ECLI:NL:HR:2025:461
Hoge Raad
- Artikel 80a RO-zaken
- Rechtspraak.nl
Cassatieberoep niet-ontvankelijk verklaard in belastingzaak betreffende onroerendezaakbelastingen
In deze zaak gaat het om een cassatieberoep van de belanghebbenden [X1] en [X2], vertegenwoordigd door G. Veldhuisen, tegen het dagelijks bestuur van Cocensus, vertegenwoordigd door [P]. Het beroep in cassatie is gericht tegen de uitspraak van het Gerechtshof Amsterdam van 13 augustus 2024, nummer 22/2285, die op zijn beurt betrekking had op een uitspraak van de Rechtbank Noord-Holland (nummer HAA 21/69). De kwestie betreft een beschikking op grond van de Wet waardering onroerende zaken en een aanslag in de onroerendezaakbelastingen voor het jaar 2020.
De Hoge Raad heeft de ontvankelijkheid van het cassatieberoep beoordeeld en de klachten over de uitspraak van het Hof in overweging genomen. De procureur-generaal bij de Hoge Raad kreeg de gelegenheid om een advies uit te brengen. Uiteindelijk heeft de Hoge Raad geoordeeld dat het cassatieberoep duidelijk niet kan slagen.

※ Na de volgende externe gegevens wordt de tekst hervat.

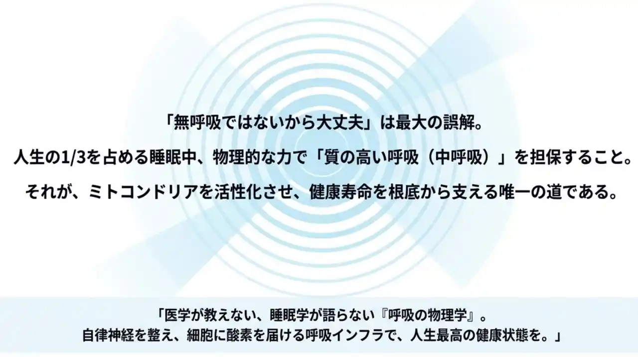 | 【国民へ】「『無呼吸ではないから安心』という認識は誤解です。」人生の1/3の「浅い呼吸」が、数十年後の大病リスクが高まることを知るべきです。 | |||

Daarom heeft de Hoge Raad besloten om het beroep zonder verdere motivering niet-ontvankelijk te verklaren, zoals toegestaan onder artikel 80a van de Wet op de rechterlijke organisatie.
Wat betreft de proceskosten heeft de Hoge Raad geen aanleiding gezien om een veroordeling in de proceskosten uit te spreken. De beslissing van de Hoge Raad is openbaar uitgesproken op 28 maart 2025, waarbij de vice-president J.A.R. van Eijsden als voorzitter fungeerde, samen met de raadsheren M.T. Boerlage en A.E.H. van der Voort Maarschalk, in aanwezigheid van de waarnemend griffier F. Treuren.